Dusty laughed. “So you like it?”
“I love it,” I said.
“Good,” he responded. “So really…what were you thinking about me back there?” He looked at me sideways as he ran his fingers through his mop of blond hair.
I took a deep breath. Dusty had gotten me out of the habit of censoring myself—at least around him. Maybe it was the notes or the fact that I felt closer to him than anyone else, but I didn’t think there was anything he would judge me for.
“Why you haven’t kissed me yet.”
Dusty froze, but his gray eyes gleamed. “Do you want me to kiss you, Ash?” There it was—the nickname. I had recently folded one of my English papers in a way that cut off the latter half of my last name so it would fit inside my notebook. Dusty saw it on my desk and started calling me Ash. He’d finally found his nickname for me, the one that made him feel special.
I didn’t tell him that he already was.
“Yeah,” I said in a tone that I hoped communicated that was a stupid question. When he was quiet for a second, I quickly said, “But, like, only if you want to.” Smooth.
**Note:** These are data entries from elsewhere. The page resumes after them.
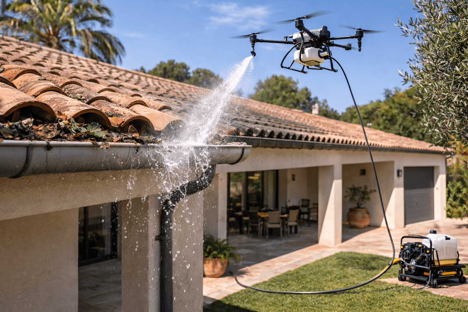 Nettoyage de gouttières maison et immeuble par drone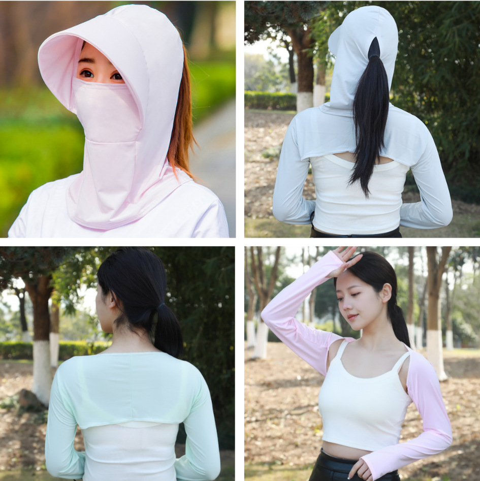 夏の屋外日焼け止め一体ストール氷糸袖カバー紫外線防止アーム肩保護タイプ大サイズ氷袖日焼け止め服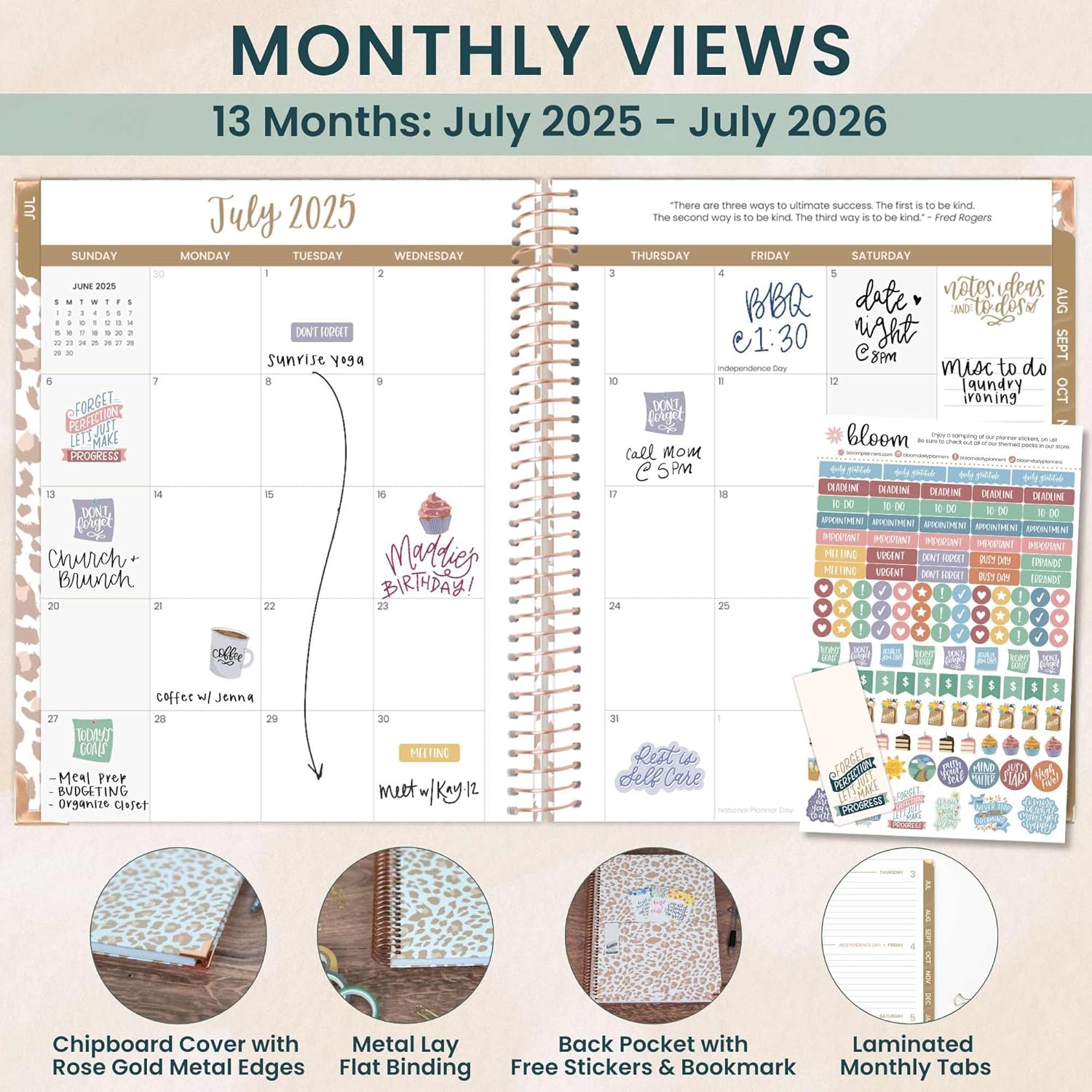 bloom daily planners HARDCOVER 2025-2026 (8.5" x 11") Academic Year Day Planner (July 2025 - July 2026) - Task Goal Organizer - Monthly & Weekly Inspirational Agenda Book - Tan Leopard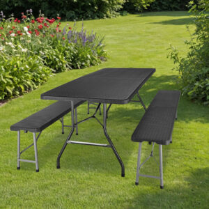 Zestaw cateringowy Rattan czarny stół 180 cm+ 2 ławki

“I want to,” he said immediately. “I’ve always wanted to.” There it was—the stomach flip.
“Then why haven’t you?” My voice came out quieter than I expected.
I watched Dusty swallow. “Waiting for the right moment, I guess.”
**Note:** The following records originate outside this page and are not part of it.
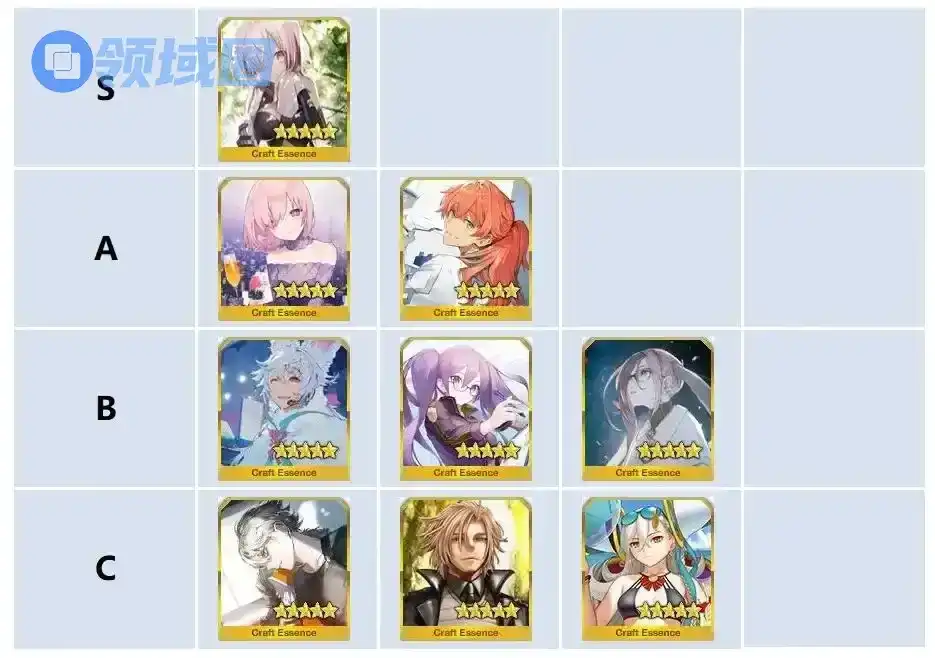 然后就是一些礼装加成,目前加成最高的礼装是【个人训练】满破是10%的御主经验提升,剩下的几张里面A和B都是5%加成的,C级的是2.5%的,都是反正有5张加成即可。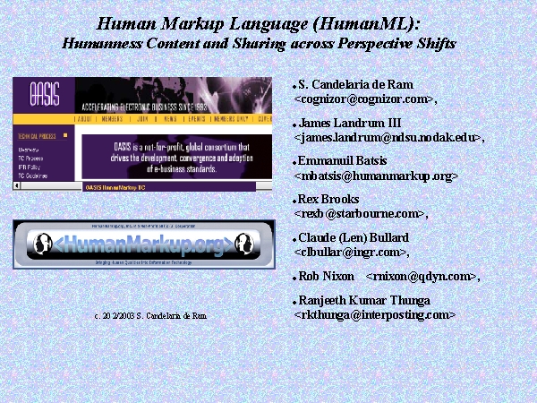 Human Markup Language (HumanML) is being developed by the huml team. Its goal is to help keep the intended meaningfulness in electronic communication, in spite of geotemporal separations – remoteness.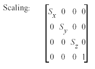 In questo ambiente si definiscono anche le proprietà dei singoli oggetti e delle loro superfici, il tipo di animazione e di illuminazione. Il vantaggio dell’utilizzo di coordinate omogenee risiede nella possibilità di effettuare una trasformazione di coordinate, una traslazione, uno scaling, un operazione di shearing, una rotazione di un oggetto attorno ad uno dei suoi assi, ecc. facendo uso di moltiplicazioni tra vettori e matrici. Lo stesso posizionamento dei singoli oggetti all’interno del world space è effettuato tramite una moltiplicazione tra il vettore rappresentativo dell’oggetto e la matrice che definisce il nuovo sistema di assi.
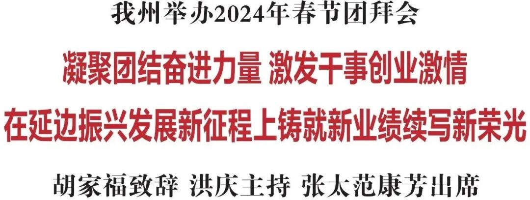 新春佳节即将到来之际,2月7日,州委、州政府在延吉举办2024年春节团拜会。省委常委、州委书记胡家福出席并致辞,州委副书记、州长洪庆主持,州人大常委会主任张太范、州政协主席康芳出席。

I gestured to the scene around us. “This feels like it could be the right moment,” I said and moved a little closer to him. He moved closer to me, too. The air grew thin, and I knew it wasn’t just the altitude.
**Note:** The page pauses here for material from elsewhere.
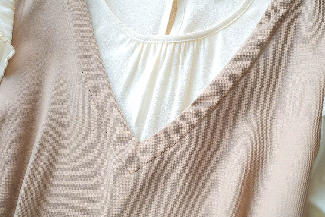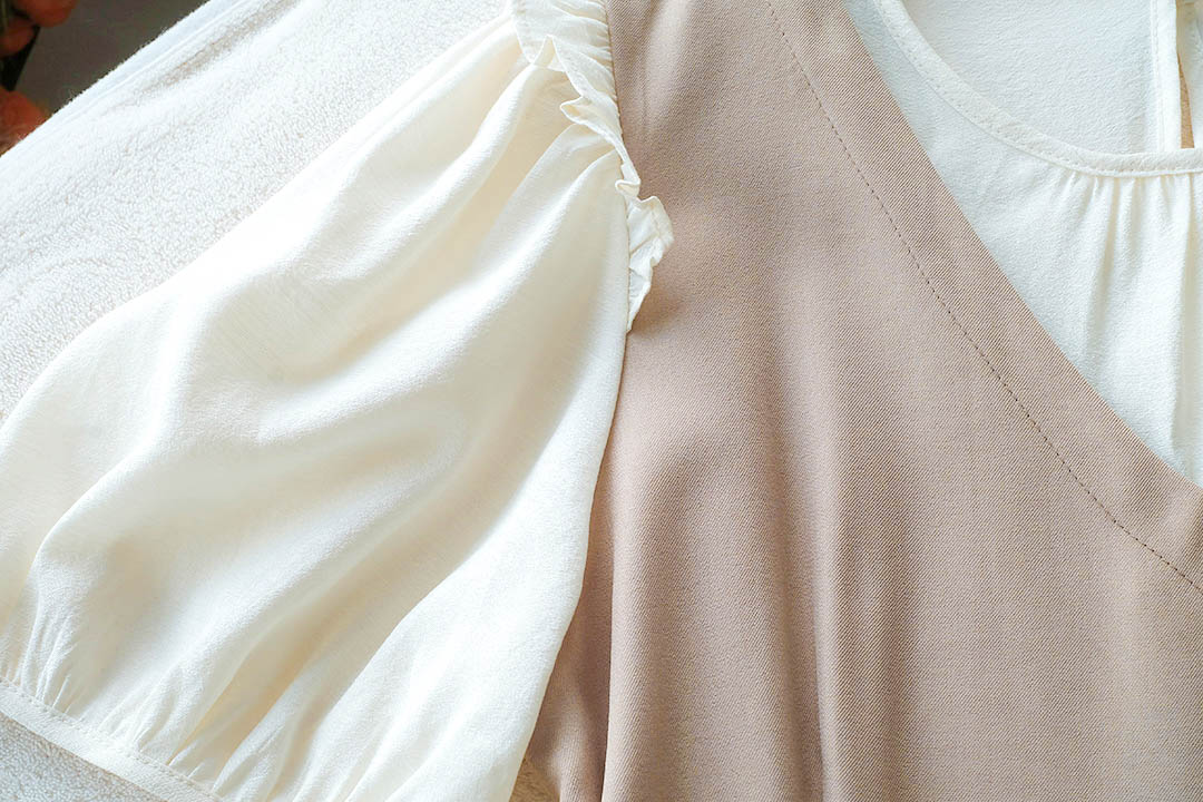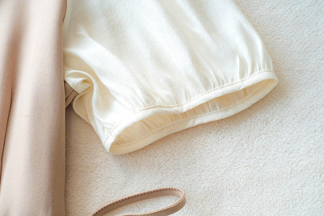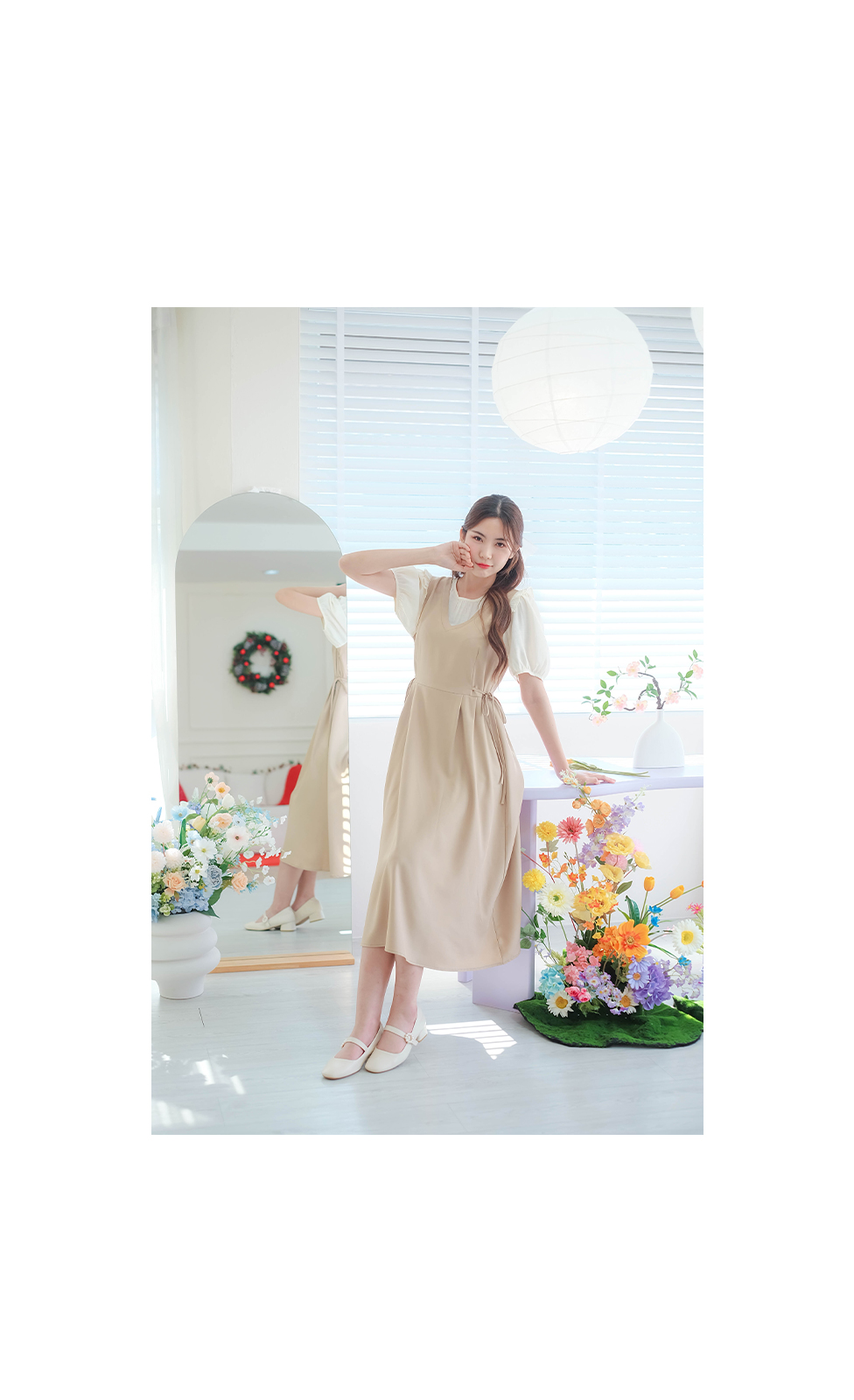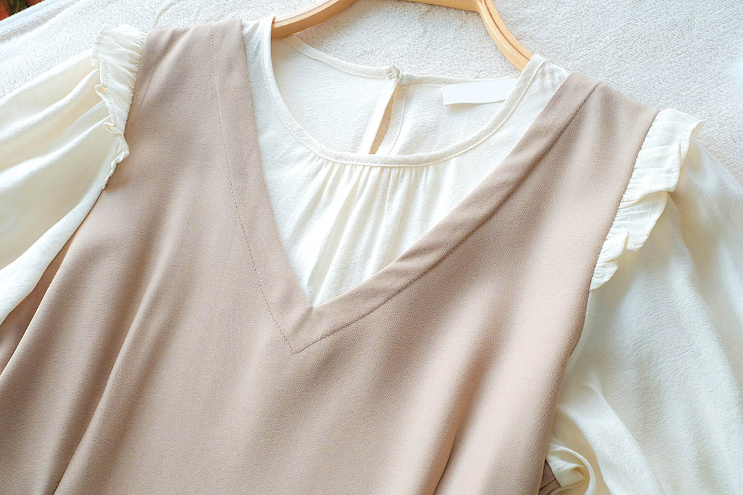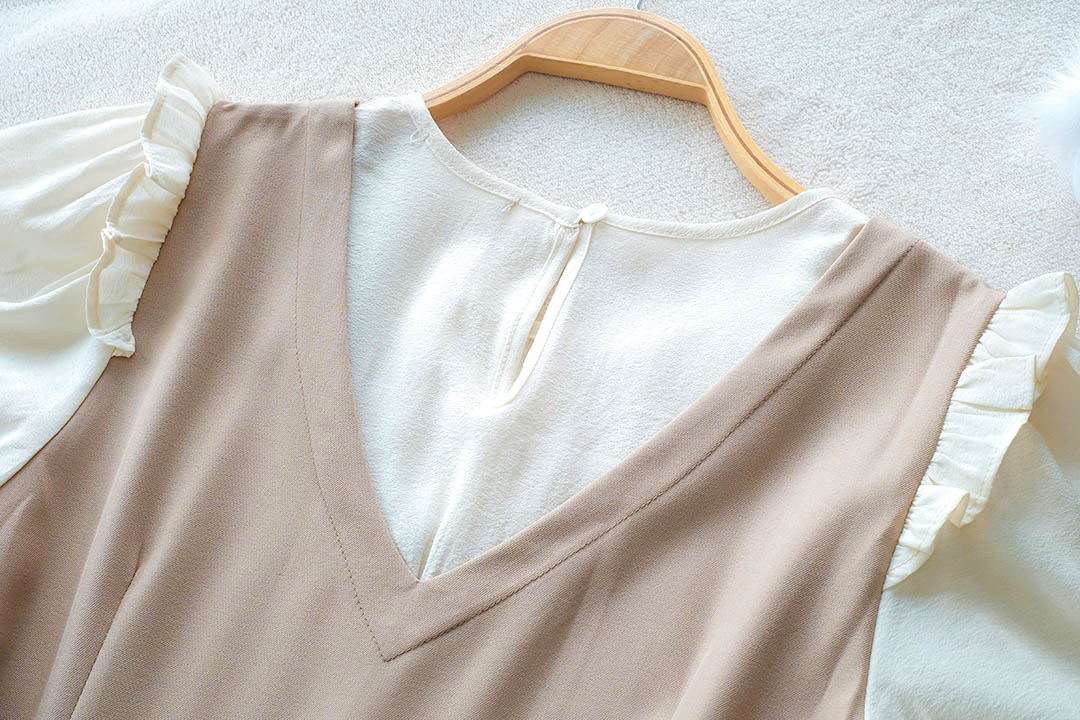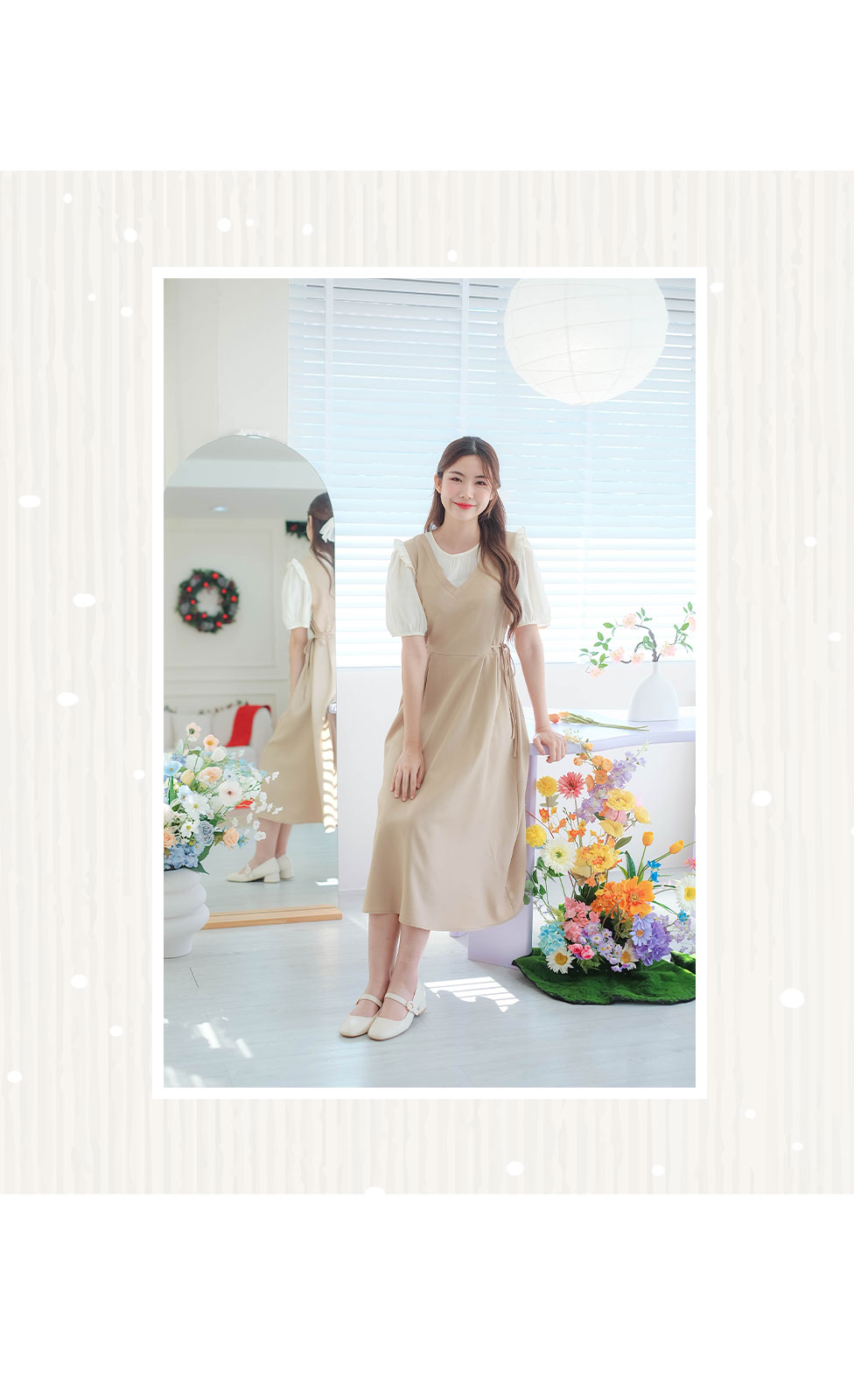 เกาหลีเกาใจ สไตส์น่ารัก ไม่อยากให้พลาดเลยค่า กับชุดเดรสแขนสั้นแบบทูโทน ดีไซน์เป็นเอี้ยมเย็บติดกับตัวเสื้อสีครีม ต้นแขนทำระบายเล็กๆ ช่วงเอวด้านข้างมีสายผูกเป็นโบว์น่ารักๆ มีซิปซ่อนด้านข้าง ชายกระโปรงปล่อยๆ ใส่ได้แบบตัวเดียวจบ ความยาวกำลังดี ทรงสวยใส่ง่าย แบบตัวเดียวอยู่จริงๆ จัดไปไม่ผิกหวัง

“Yeah?” he asked. His voice was lower than I’d heard it.
I nodded. When he leaned forward, I paused. “I’ve never done this before,” I blurted out. Oh god. That was embarrassing. “I don’t know…do I move?”
Dusty smiled—the lopsided one that made my heart squeeze and my breath catch. “No, angel,” he said quietly as he brought his hands up to each side of my face. “I’ll come to you.”
I tried to control my breath and my heartbeat, but there was no use—not with him. I watched his eyes scan my face before they landed on my mouth. He leaned in further, and I closed my eyes—half a second later, his lips were on mine.
It was pretty much the best first kiss ever. I didn’t want to stop kissing him. I just did it over and over again—continuing long after we had left the rock couch, on our way back down the mountain, and in the front seat of Dusty’s truck.
I barely noticed when he parked outside of my house because when the car was stopped, that meant I could start kissing him again.
So I did.
I pushed myself across the bench seat, so I was as close to him as I could get. His hands roamed—from my shoulders, to my back, to my waist. When he used his mouth to open mine a little, I felt a little bolt of electricity from the top of my head to the tips of my toes.
Why didn’t we do this sooner? I wanted to spend every spare second I had with my mouth attached to his to make up for lost time.
A bang on Dusty’s passenger - side window startled both of us, and when I looked back at it—oh, shit—I saw my mother.
Shit. Shit. Shit.
“Camille Ashwood, get out of this car. Right now.” She was yelling. My mother didn’t yell—it was normally just cold disappointment.
Dusty’s arm was still wrapped around me, and when my mother spoke, it got tighter. “Is that your mom?” His voice sounded shocked, maybe even kind of scared.
I nodded and looked back at him. “Let’s get out of here,” I said.
“What?” he asked.
“Take me somewhere. Today has been so…amazing, and I can’t deal with her right now,” I said. “Please.” My mom hit Dusty’s window again. She tried to open the passenger-side door, but it was locked.
“Ash, I…I can’t. She’s your mother. I think it’ll just make things worse. I’ll come get you tonight, okay? Maybe after everything has…died down?”
I felt my eyes well with tears, but I nodded.
Dusty kissed me again—he didn’t care that my mom was watching. “I’ll get you out of here someday, I promise.”